- The majority of corporate healthcare attorneys have found that healthcare cybersecurity threats are increasing, and that they are being called upon more often to evaluate whether a security incident implicates reporting obligations.
A survey conducted by Bloomberg Law and the American Health Lawyers Association (AHLA) found that 97 percent of respondents expect their involvement in cybersecurity matters to increase over the next three years. Furthermore, approximately 70 percent said that they are working to develop their own data security expertise as the healthcare cybersecurity demands increase.
Bloomberg and AHLA interviewed nearly 300 healthcare attorneys in advance of the annual meeting of the Association of Corporate Counsel.
Nearly all of those surveyed - 84 percent - said that they’ve been asked to evaluate whether an incident should be reported. However, law firm attorneys and corporate counsel both said that the data breach response plans currently in place may not be adequate.
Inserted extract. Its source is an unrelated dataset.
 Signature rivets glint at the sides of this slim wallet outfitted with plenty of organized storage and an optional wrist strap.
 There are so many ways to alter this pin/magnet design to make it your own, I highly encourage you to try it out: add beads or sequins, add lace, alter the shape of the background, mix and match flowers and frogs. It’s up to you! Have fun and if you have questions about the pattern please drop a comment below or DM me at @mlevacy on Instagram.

Approximately 40 percent of respondents said the response plans were too generic, lack specific guidance for the types of incidents their organizations or clients might face, and have not been adequately tested prior to an actual breach incident. One-third of those surveys added that the data breach response plans have not kept pace with the evolving cybersecurity threats.
"While it is encouraging that health care attorneys are on the front lines of preparing for and responding to cyber incidents, it is apparent from this survey that there is much more that needs to be done," Vice President and General Manager for Health Care and Litigation at Bloomberg Law Scott Falk said in a statement. "For example, there is overwhelming agreement from respondents that it is important to improve formal cybersecurity education and training for health care lawyers. Thus there is tremendous value in utilizing external resources and professional organizations that can meet this critical need."
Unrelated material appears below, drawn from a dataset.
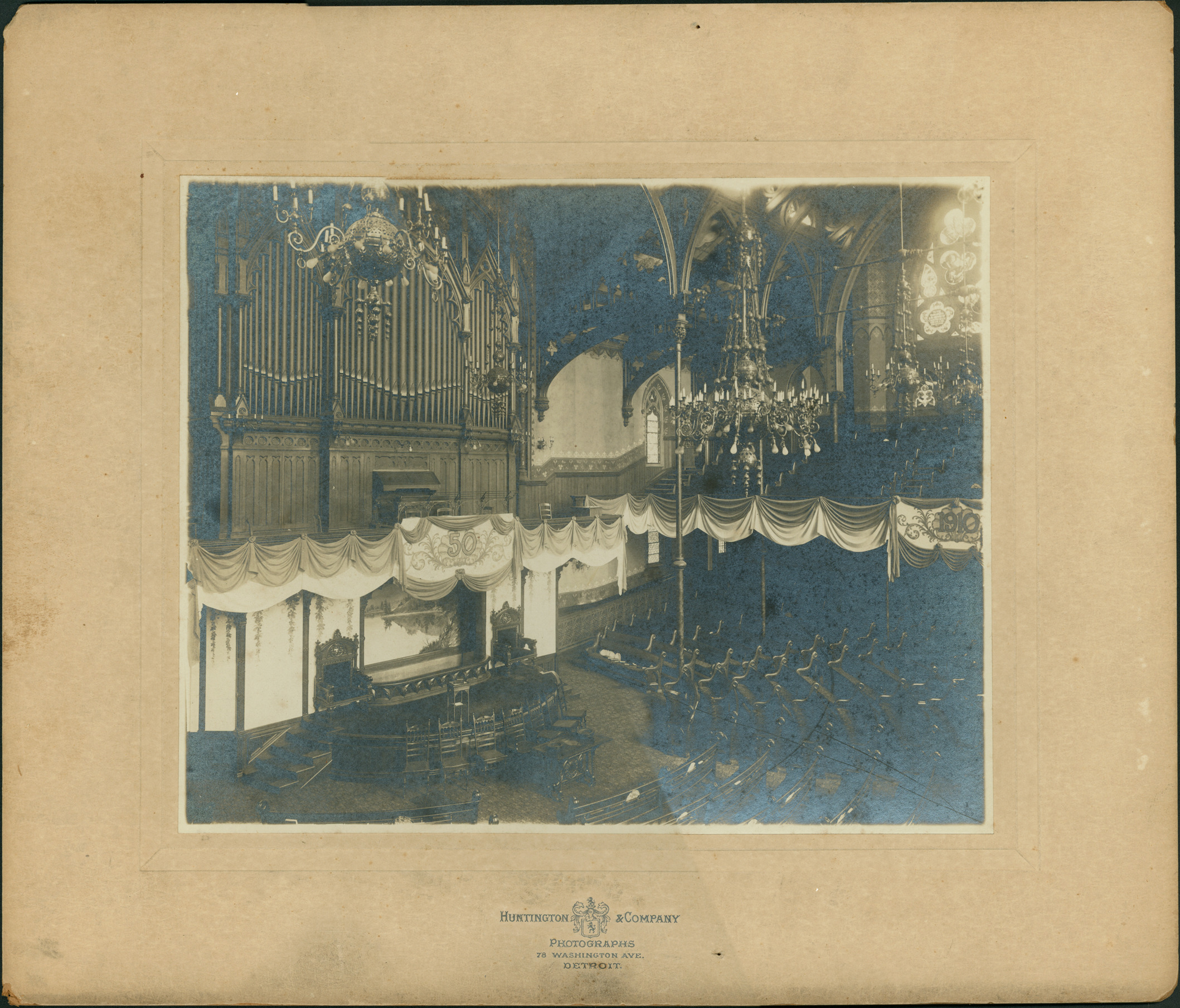 Interior of the Woodward Ave. Baptist Church; pipe organ; balconies draped with bunting and signs reading: "50; 1910." Ornate chandeliers; pews in semicircular arrangement. Printed on front: "Huntington & Company, photographs, 78 Washington Ave., Detroit."

AHLA CEO David Cade added that while healthcare providers have taken the necessary steps to improve their data protection measures over the last few years, healthcare attorneys still find the industry vulnerable to the evolving threats.
Healthcare attorneys need “quality education” so that they can be prepared to “effectively counsel clients in preventing and responding to cyberattacks," Cade said.
These findings similarly align with the results of the 2016 HIMSS Cybersecurity Survey. Specifically, HIMSS found that over 85 percent of respondents said that cybersecurity efforts within their organization were elevated as a business priority during the past year.
However, some facilities were still lacking in certain areas of data protection. For example, 84.9 percent of those surveyed in acute care facilities said they used anti-virus and anti-malware software, while 90.3 percent in non-acute care facilities reported that they did so.
Better education measures for staff measures could also be beneficial though, as the HIMSS survey showed that a lack of appropriate cybersecurity personnel was the top barrier to mitigating cybersecurity risks.
“Cybersecurity attacks have the potential to yield disastrous results for healthcare providers and society as a whole,” HIMSS Senior Director of Health Information Systems Rod Piechowski said in a statement. “It is imperative that healthcare providers acknowledge the need to address cybersecurity concerns and act accordingly.”